LONDON, Dec 20 (Reuters) - Two of Britain's leading mobile operators, BT's EE and Three, failed in a legal challenge on Wednesday to force a rethink of the rules for the upcoming 5G auction of mobile spectrum.
In a bid to maintain competition, regulator Ofcom has set limits on how much spectrum individual operators can buy in an auction that will increase the airwaves available to provide superfast services to mobile devices in the country.
The auction is key for the country's operators, which also include Vodafone and Telefonica's O2, because it will determine how they can compete with each other.
Under the plan, no mobile operator would be allowed to own more than 37 percent of all the mobile spectrum expected to be usable in 2020, capping how much the biggest spectrum owners such as BT and Vodafone can win.
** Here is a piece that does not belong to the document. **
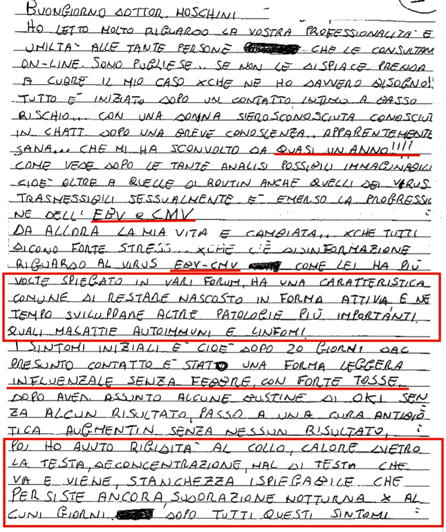 Egregio, è fondamentale eliminare il virus di Epstein Barr e Cytomegalovirus, con la certezza della loro effettiva radicazione. Gli esami che ha indicato dimostrano con certezza la presenza del virus di Epstein Barr e Cytomegalovirus. Non comprendo come mai alcun medico ha mai tenuto in considerazione la presenza del virus di Epstein Barr e Cytomegalovirus, quando sono anamnestici, e precisi del ragionamento clinico.

Market leader EE said it objected to the restrictions while operator Three said the rules did not go far enough.
However, Judge Nicholas Green said on Wednesday at the High Court that both challenges had been rejected. Three said it would seek to appeal.
"We are disappointed by the initial ruling of the court as a fairer distribution of spectrum is vital for UK consumers and the digital economy," a spokesman for Three said.
"Ofcom does not expect 5G to rollout in the UK until 2019/20 at the earliest, so this will have no impact on the delivery of this new technology."